After the last run of each day, the two men would have a beer and decide what to eat. One night they prepared dinner at the home of Charles Dale, the owner of Aspen's Rustique Bistro, who worked for Jean-Claude Caterers before becoming an F&W Best New Chef 1995. The first course was one of Jean-Claude's signatures: puff-pastry shells filled with a light potato salad topped with chives, caviar and crumbled egg. Jacques chose the Belgian-inspired beef stew he developed for Red Coach Grill, the Cadillac of the Howard Johnson's restaurants. "I like to use the chicken steak," Jacques says. "It's tasty, like skirt steak." (Also known as the flatiron steak, chicken steak is an inexpensive cut of beef from the blade near the shoulder.) Jean-Claude prepared his pecan-studded brownie cake. "You make sure the top is crackled," he says, "so the ganache will go on nice and smooth."

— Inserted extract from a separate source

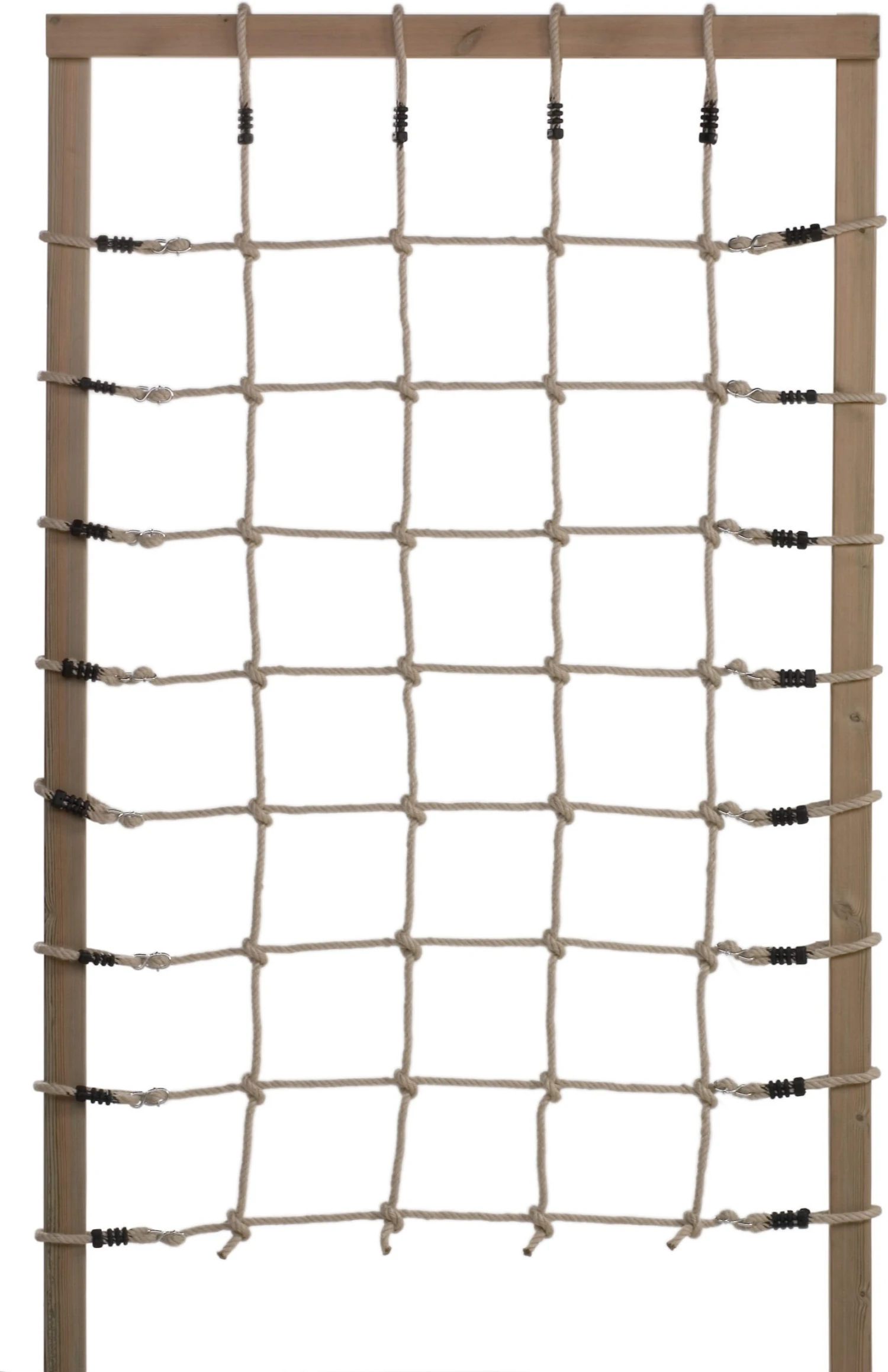Klimnet van polyhemp touw met afmetingen 125 x 200 cm. Gemakkelijk te bevestigen en te spannen door gegalvaniseerde stelachten.

"Yes," Jacques says, "it's just like when you're preparing a cement wall. You rake it before putting tile on it."

"That's not a nice way to put it," Jean-Claude says in mock offense.

"But it's true!" Jacques insists, feigning indignation.

Jacques and Jean-Claude are natural teachers, but what I'm most interested in learning from these two men is not cooking tips but the secret of their friendship. How can there be no envy, no competitiveness, no struggle? What they possess, I think, cannot be taught. They were simply born with uncommon generosity and sincerity. I feel lucky to know them.